▸ MATERIAL SHOWN
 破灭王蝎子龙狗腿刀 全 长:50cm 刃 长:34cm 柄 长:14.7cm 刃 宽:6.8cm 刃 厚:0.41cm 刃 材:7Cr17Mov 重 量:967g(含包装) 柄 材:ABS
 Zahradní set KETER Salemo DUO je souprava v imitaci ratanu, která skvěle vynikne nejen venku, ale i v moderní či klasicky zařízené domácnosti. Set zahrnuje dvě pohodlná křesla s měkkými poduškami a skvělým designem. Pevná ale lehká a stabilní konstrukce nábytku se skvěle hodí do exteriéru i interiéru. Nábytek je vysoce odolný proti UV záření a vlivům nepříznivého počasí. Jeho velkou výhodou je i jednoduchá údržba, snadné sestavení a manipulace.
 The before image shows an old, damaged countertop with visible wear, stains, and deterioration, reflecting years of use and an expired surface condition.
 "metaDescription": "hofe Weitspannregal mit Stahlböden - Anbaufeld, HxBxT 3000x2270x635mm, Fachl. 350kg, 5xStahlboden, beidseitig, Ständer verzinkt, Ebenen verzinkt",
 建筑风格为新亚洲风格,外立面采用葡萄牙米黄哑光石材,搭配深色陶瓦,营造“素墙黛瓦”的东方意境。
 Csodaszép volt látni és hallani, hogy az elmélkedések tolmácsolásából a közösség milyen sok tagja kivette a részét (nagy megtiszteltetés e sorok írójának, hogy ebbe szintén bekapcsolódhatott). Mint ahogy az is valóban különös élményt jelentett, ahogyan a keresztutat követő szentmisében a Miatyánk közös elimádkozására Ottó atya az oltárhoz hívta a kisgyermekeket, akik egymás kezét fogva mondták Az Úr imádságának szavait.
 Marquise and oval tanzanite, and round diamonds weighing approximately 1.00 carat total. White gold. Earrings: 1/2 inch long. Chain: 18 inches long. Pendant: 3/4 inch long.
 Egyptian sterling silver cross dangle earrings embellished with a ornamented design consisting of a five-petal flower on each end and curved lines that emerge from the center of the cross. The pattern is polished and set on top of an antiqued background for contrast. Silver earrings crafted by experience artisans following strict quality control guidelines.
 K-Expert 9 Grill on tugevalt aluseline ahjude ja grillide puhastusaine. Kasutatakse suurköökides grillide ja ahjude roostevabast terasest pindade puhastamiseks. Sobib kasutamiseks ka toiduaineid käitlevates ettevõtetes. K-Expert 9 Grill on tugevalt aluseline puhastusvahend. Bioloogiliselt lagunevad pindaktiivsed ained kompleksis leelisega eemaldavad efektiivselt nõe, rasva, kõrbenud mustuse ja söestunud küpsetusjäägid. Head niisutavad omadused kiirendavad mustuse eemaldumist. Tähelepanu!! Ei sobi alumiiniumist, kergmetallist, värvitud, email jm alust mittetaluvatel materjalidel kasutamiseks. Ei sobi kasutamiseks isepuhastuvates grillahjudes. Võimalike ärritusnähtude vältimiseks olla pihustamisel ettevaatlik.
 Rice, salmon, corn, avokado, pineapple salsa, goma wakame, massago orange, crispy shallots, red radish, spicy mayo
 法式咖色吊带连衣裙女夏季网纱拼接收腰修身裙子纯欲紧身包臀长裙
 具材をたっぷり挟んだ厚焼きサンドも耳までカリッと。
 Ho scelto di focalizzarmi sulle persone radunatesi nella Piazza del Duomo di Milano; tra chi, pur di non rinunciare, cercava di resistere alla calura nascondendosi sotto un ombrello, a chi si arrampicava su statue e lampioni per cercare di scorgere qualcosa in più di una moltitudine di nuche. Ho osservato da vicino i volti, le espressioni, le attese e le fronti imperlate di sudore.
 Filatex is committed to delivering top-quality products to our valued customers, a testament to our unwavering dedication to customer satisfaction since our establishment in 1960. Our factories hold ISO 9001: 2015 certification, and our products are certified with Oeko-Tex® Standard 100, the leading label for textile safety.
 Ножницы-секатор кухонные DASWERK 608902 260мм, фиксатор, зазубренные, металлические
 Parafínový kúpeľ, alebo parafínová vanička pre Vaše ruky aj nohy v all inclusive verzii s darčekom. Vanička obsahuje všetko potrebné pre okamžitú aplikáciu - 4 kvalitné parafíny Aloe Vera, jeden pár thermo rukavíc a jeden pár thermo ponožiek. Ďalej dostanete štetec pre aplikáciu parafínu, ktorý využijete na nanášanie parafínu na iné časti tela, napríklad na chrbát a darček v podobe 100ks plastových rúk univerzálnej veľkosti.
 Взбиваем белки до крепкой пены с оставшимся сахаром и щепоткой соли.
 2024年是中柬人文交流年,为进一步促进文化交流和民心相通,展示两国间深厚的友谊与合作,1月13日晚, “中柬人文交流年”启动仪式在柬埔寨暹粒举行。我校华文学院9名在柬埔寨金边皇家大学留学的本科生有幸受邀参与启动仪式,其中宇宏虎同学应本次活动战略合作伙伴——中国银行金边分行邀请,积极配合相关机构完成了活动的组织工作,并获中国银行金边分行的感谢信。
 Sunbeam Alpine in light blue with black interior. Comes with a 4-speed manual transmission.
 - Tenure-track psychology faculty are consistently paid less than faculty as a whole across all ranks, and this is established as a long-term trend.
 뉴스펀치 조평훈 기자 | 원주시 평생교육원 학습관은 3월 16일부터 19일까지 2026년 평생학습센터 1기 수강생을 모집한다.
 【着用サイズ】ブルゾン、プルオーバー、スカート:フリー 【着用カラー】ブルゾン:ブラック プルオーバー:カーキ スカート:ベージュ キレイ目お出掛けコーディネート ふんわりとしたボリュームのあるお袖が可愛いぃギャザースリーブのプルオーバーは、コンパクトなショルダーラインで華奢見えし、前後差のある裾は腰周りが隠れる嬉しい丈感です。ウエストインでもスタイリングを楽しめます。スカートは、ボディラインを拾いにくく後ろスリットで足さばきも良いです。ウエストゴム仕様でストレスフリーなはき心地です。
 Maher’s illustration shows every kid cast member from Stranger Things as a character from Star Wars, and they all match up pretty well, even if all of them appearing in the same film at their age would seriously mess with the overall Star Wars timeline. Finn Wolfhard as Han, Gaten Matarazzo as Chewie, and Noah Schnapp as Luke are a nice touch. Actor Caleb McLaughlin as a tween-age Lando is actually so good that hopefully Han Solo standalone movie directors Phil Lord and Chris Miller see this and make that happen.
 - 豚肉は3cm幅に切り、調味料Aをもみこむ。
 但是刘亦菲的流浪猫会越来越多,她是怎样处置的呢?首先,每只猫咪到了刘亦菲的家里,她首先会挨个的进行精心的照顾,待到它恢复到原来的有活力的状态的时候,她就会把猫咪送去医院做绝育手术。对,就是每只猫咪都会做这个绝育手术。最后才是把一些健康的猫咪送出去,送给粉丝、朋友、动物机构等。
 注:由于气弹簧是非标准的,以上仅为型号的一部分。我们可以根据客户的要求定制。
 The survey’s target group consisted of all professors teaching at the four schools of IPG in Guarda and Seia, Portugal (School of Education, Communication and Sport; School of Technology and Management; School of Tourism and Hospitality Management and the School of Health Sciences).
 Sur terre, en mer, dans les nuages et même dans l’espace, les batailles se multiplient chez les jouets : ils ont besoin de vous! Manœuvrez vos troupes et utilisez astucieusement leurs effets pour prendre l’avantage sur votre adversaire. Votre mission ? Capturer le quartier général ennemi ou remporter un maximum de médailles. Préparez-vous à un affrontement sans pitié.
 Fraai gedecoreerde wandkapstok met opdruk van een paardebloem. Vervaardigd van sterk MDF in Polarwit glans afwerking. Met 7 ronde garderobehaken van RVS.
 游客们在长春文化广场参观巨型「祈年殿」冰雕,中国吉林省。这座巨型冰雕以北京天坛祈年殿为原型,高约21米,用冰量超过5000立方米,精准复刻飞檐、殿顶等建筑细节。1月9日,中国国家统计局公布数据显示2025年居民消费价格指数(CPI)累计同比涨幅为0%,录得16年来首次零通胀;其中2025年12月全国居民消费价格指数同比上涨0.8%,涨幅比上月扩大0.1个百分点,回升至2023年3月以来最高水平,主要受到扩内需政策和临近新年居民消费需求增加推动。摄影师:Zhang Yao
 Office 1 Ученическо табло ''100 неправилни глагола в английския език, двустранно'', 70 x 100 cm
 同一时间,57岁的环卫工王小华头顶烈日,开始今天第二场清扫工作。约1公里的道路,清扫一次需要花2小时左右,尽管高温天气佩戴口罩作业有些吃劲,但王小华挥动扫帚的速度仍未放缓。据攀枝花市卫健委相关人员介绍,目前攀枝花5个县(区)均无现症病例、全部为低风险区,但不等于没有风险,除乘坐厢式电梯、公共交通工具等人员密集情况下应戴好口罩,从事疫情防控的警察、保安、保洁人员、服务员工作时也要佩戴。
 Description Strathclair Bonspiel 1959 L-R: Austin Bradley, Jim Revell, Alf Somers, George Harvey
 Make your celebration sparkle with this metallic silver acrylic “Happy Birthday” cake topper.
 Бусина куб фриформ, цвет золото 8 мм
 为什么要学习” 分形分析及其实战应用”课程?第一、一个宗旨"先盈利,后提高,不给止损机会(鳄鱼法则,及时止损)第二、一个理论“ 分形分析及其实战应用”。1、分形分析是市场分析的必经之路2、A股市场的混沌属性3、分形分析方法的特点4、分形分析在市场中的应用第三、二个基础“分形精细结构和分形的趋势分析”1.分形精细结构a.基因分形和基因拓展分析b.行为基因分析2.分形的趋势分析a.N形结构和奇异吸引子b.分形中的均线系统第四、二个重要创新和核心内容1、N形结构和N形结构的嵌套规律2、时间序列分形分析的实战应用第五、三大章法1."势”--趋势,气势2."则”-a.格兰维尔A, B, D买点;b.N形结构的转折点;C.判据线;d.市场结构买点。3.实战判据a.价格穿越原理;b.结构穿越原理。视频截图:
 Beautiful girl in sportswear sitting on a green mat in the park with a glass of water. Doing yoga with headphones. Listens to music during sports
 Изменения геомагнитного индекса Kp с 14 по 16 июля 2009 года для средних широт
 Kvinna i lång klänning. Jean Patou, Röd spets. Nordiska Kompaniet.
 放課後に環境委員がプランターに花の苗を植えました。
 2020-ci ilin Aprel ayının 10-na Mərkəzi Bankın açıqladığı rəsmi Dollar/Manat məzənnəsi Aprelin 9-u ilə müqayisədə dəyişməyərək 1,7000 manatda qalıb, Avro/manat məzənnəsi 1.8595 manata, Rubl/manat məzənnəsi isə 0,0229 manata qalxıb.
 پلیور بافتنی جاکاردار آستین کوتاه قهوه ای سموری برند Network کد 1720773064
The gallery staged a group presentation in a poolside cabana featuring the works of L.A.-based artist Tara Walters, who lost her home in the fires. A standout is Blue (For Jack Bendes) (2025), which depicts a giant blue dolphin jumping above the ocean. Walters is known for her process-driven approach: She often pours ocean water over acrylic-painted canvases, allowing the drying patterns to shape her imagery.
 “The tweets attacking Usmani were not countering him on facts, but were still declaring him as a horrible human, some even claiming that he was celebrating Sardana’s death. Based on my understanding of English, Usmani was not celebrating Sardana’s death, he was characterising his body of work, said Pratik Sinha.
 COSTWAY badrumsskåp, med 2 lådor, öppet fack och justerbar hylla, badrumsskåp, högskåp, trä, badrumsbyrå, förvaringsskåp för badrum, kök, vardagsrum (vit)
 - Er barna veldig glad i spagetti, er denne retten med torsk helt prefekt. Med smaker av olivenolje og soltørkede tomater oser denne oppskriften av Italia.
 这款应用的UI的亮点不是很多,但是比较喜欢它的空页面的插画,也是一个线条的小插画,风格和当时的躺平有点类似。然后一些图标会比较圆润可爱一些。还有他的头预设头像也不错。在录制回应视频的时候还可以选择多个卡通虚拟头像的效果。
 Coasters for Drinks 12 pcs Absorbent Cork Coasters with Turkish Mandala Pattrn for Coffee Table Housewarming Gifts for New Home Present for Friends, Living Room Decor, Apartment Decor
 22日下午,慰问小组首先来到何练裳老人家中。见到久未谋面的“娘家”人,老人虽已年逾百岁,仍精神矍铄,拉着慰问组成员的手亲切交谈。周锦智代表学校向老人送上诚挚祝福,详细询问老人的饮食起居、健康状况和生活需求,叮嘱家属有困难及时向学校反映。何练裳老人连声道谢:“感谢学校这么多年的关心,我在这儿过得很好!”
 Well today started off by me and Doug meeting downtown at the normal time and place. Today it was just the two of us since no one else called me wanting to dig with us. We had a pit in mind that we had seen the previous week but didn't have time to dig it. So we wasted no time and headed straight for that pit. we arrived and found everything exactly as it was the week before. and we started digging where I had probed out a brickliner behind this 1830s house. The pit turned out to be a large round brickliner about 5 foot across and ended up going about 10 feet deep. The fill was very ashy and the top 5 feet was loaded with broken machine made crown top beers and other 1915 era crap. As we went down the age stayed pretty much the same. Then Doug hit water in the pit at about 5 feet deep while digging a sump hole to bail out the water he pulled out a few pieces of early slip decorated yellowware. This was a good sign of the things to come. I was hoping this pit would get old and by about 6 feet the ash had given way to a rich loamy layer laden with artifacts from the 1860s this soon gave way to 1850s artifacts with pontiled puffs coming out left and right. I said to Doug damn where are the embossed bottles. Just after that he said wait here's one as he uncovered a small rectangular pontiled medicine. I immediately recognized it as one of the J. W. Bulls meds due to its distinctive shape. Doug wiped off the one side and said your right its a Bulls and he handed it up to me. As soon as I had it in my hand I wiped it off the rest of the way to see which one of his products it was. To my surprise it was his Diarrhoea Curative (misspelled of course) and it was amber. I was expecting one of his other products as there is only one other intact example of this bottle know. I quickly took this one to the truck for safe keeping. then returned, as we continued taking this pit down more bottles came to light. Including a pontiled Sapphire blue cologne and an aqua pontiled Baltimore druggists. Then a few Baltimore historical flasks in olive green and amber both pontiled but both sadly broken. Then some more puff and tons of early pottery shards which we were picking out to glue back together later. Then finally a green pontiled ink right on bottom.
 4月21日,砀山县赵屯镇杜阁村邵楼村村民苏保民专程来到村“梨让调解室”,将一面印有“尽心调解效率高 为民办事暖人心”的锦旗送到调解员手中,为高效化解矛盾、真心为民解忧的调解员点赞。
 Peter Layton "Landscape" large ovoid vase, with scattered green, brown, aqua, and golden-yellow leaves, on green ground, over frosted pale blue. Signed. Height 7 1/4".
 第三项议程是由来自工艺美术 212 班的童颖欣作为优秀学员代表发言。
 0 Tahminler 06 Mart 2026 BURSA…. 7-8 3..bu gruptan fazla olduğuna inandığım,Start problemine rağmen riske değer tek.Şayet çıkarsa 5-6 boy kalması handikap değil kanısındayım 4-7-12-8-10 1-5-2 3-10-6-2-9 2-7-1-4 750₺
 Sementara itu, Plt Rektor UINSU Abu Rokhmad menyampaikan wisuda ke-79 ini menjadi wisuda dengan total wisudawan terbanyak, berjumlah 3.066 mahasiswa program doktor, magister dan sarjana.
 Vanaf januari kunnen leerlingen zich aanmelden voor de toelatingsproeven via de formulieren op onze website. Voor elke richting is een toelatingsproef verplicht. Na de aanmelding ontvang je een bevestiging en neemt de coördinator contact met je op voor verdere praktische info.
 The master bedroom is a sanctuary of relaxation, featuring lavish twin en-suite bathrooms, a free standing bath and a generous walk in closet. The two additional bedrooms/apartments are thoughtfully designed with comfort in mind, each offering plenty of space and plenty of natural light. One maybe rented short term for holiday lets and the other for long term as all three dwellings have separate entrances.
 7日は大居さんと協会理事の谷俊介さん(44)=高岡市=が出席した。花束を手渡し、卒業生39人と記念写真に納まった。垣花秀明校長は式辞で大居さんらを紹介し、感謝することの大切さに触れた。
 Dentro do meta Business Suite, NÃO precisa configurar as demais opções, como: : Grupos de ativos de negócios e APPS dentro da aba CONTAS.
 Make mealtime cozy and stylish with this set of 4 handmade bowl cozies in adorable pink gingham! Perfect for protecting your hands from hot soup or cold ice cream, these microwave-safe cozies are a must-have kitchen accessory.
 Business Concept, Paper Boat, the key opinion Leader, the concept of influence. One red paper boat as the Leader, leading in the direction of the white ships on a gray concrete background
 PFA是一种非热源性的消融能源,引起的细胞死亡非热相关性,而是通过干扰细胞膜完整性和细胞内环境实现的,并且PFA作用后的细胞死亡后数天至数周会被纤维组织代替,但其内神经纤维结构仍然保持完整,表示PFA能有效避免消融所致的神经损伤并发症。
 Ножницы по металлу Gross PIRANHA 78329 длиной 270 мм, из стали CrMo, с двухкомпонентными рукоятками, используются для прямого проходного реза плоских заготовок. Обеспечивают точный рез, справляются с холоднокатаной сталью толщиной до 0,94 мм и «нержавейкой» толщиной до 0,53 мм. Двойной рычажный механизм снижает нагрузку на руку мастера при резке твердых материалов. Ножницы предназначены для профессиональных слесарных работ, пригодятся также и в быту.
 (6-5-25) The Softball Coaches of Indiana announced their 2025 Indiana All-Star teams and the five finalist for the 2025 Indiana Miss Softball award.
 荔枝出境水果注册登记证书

▸ TASK GOAL
Beginning with the opening line above, retype the records exactly through the line with "建筑风格为新亚洲风格,外立面", both ends included.

▸ ANSWER
 破灭王蝎子龙狗腿刀 全 长:50cm 刃 长:34cm 柄 长:14.7cm 刃 宽:6.8cm 刃 厚:0.41cm 刃 材:7Cr17Mov 重 量:967g(含包装) 柄 材:ABS
 Zahradní set KETER Salemo DUO je souprava v imitaci ratanu, která skvěle vynikne nejen venku, ale i v moderní či klasicky zařízené domácnosti. Set zahrnuje dvě pohodlná křesla s měkkými poduškami a skvělým designem. Pevná ale lehká a stabilní konstrukce nábytku se skvěle hodí do exteriéru i interiéru. Nábytek je vysoce odolný proti UV záření a vlivům nepříznivého počasí. Jeho velkou výhodou je i jednoduchá údržba, snadné sestavení a manipulace.
 The before image shows an old, damaged countertop with visible wear, stains, and deterioration, reflecting years of use and an expired surface condition.
 "metaDescription": "hofe Weitspannregal mit Stahlböden - Anbaufeld, HxBxT 3000x2270x635mm, Fachl. 350kg, 5xStahlboden, beidseitig, Ständer verzinkt, Ebenen verzinkt",
 建筑风格为新亚洲风格,外立面采用葡萄牙米黄哑光石材,搭配深色陶瓦,营造“素墙黛瓦”的东方意境。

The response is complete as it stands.